One very good example about how economic interests are being taken very seriously in the West is the US-led war in Iraq. This war has already led to the loss of hundreds of thousands of lives. The other very good example is Mr. Nujoma’s one-man decision to send NDF soldiers to the DRC and Angola in support of CIA-engineered wars for the vast oil and mineral reserves there. In the previous parts of this analysis I have already shown the deep involvement in the DRC war by Nujoma’s close confidante and economic advisor Maurice Templesman. Have you managed to watch the film Blood Diamonds yet? If you did not, please go and watch it!

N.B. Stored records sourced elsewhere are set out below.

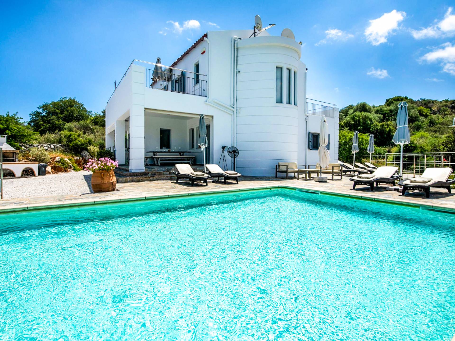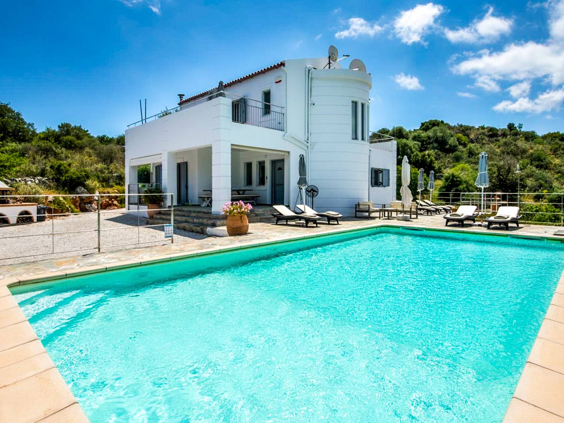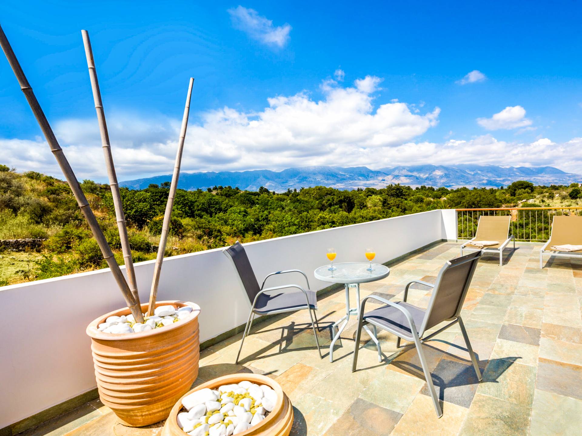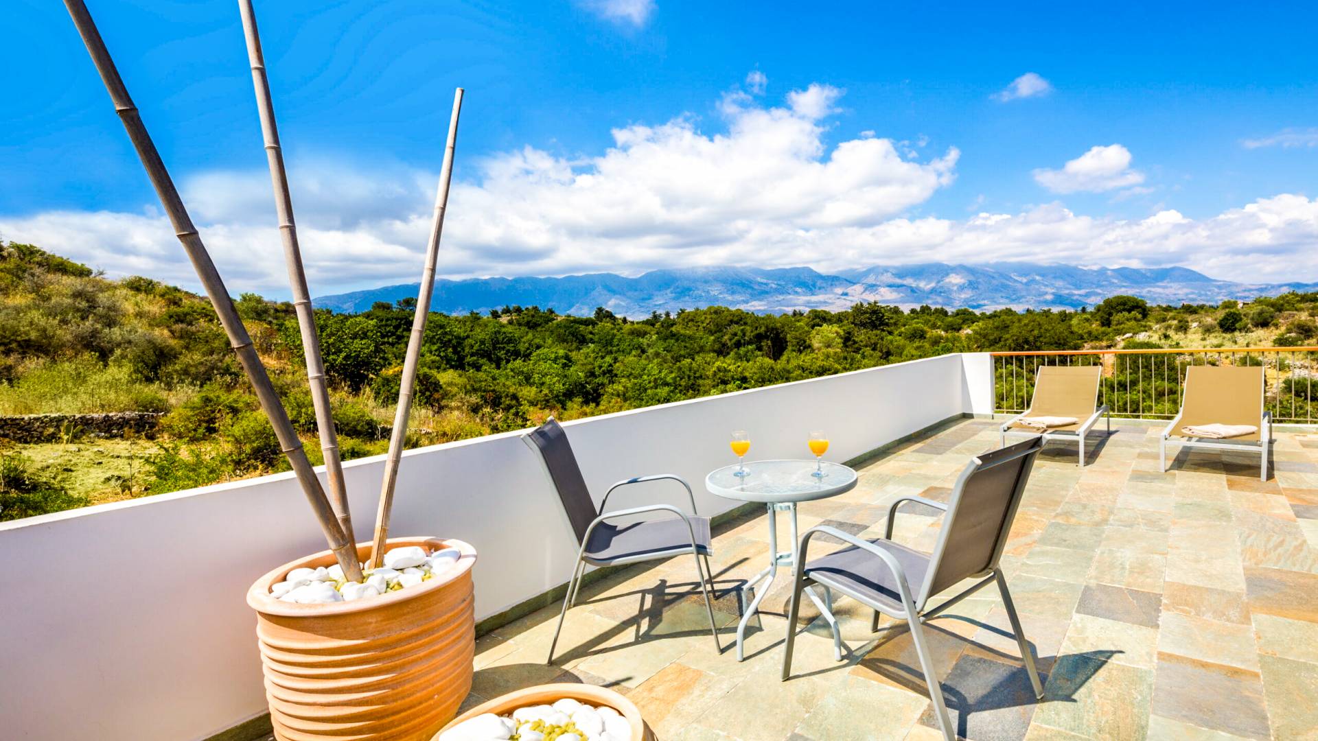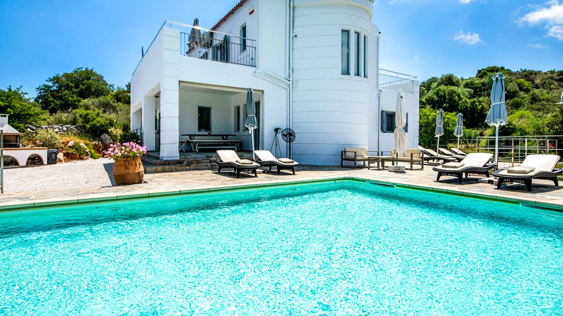 Downstairs there are two Superior bedrooms with fitted wardrobes, air-conditioning, ceiling fan, and exit directly on a private panoramic area fitted with umbrella and sunbeds. Outside there is a new Petanque or Bowling field, a panoramic veranda with a jacuzzi, and a sofa for a relaxing time under the sun. Newly built villa in Vamos, to a very high specification, it’s a contemporary property offering a wealth of superb facilities, including a relaxing jacuzzi, stunning private pool, and spacious sun terrace from which to enjoy wonderful views. The villa is designed to make your vacations a real comfort to make you feel the warmth of genuine hospitality in Crete.
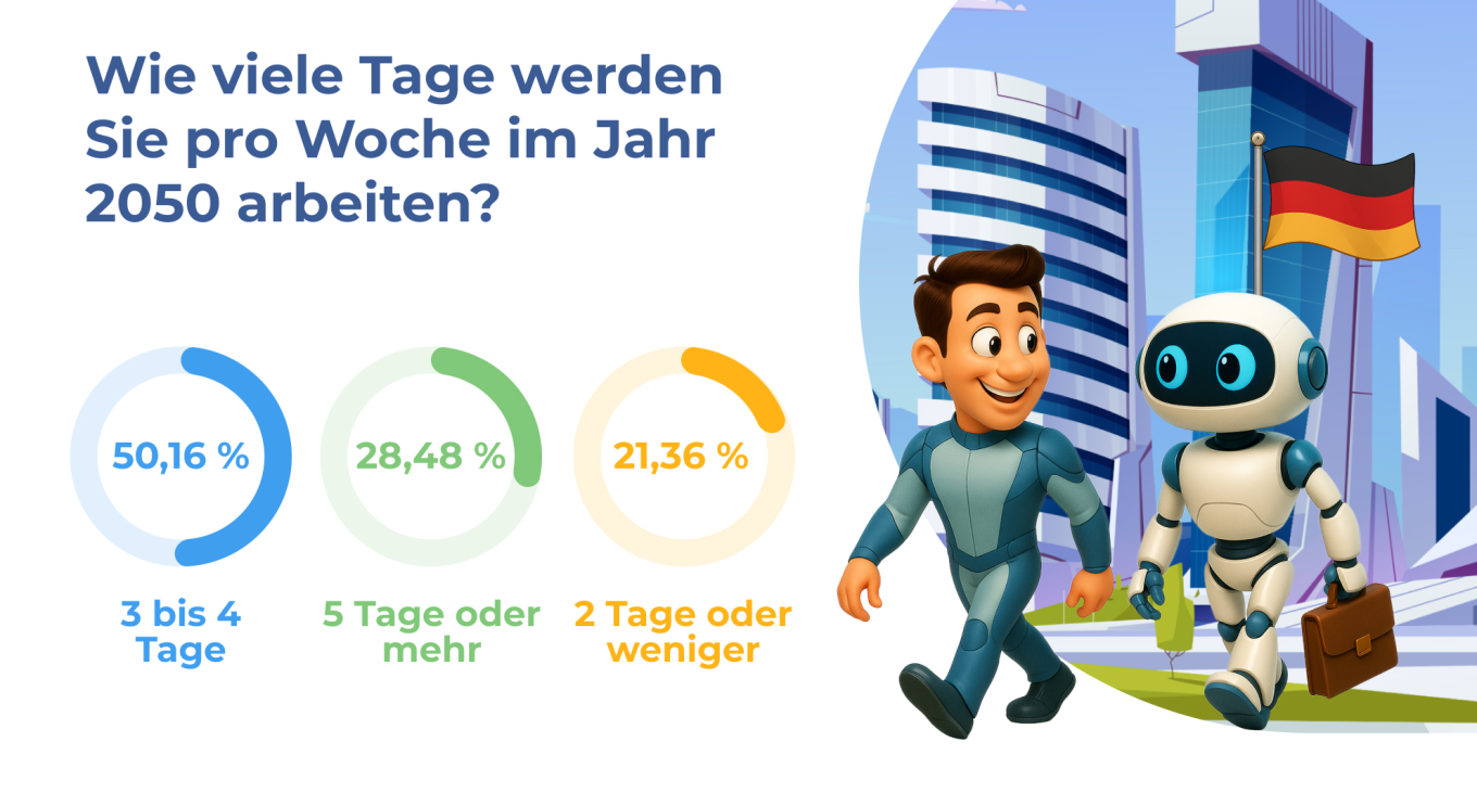 Die beliebteste Antwort war “3 bis 4 Tage“ (50,16 %), gefolgt von "5 Tage oder mehr" (28,48 %) und "2 Tage oder weniger" (21,36 %). Dies deutet darauf hin, dass viele Arbeitnehmer einen Übergang zu kürzeren Arbeitswochen erwarten, möglicherweise aufgrund gesteigerter Effizienz durch KI oder sich wandelnder gesellschaftlicher Werte im Hinblick auf Work-Life-Balance.
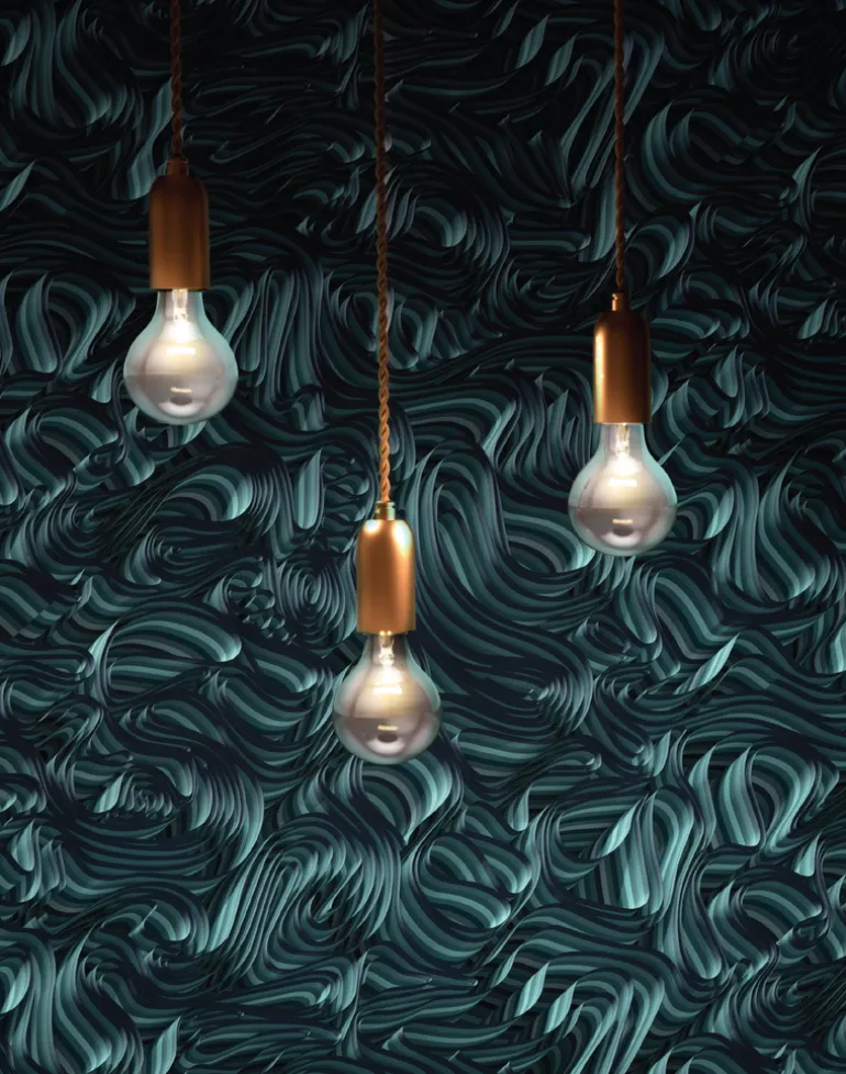 A real show stopper. Layers of rippled ribbon rolling across a room. Luxurious and exclusive in its design for a new twist in wall covering.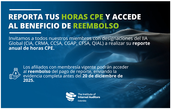 El IIA COLOMBIA mantiene el beneficio por disposición de su Junta Directiva el reembolso del costo de reporte de horas CPE, única y exclusivamente para los miembros con membresía vigente que acrediten el pago y debido reporte de las horas CPE antes del 20 de diciembre de 2025.

I have hopefully now sufficiently explained what “intelligence” means and how it works as well as what the prime functions of the FBI-CIA, MI5-MI6 and BOSS-MID allies are. Now I will proceed with exposing Nujoma’s mysterious meetings with high-ranking SA intelligence chiefs and his associations with associated intelligence operatives throughout the Cold War ideological confrontation.
To start with, Mr. Nujoma himself admits in his book that, apart from his mysterious trip to Windhoek in March 1966 and his meetings there with inter alia Magnus Malan and other BOSS-MID elements, Nujoma had at least three other secret meetings with SA intelligence chiefs in exile. According to Nujoma, one such encounter took place in Lusaka, Zambia, shortly after the Cassinga massacre on May 4 1978! Yes, Mr. Nujoma had that clandestine meeting with chief of Staff Intelligence (CSI) General Neels van Tonder, MID kingpin General Joffel van der Westhuizen and General Herman. According to Nujoma, then Zambian President Kenneth Kaunda, “who was always in contact with them”, arranged the meeting. General van Tonder, Nujoma says, headed the SA delegation. Had Kaunda “always” been “in contact with” SA intelligence chiefs? Who is General Herman?
The task of those SA intelligence chiefs, Mr. Nujoma says, “was to assess our political stand and attitude”. Can you hear? In intelligence parlance this means gathering human intelligence (HUMINT). This includes assessment of body language and whether or not Nujoma was willing to meet and reconcile with what he called “SA puppets”. This is how Nujoma had always derogatively referred to the leaders of the rival Internal Political Parties inside Namibia at the time. To me, of greater value about such clandestine meet was the timing. The meeting took place less than a month after the brutal SA military attack on Cassinga (i.e. “Moscow” and “Vietnam” bases). Many of Nujoma’s “fantastic lieutenants” and ordinary PLAN fighters as well as hundreds of civilians lost their lives in that attack. The term “fantastic lieutenants” came from Mr. Magnus Malan referring to the visionary and formidable SWAPO leaders and PLAN commanders.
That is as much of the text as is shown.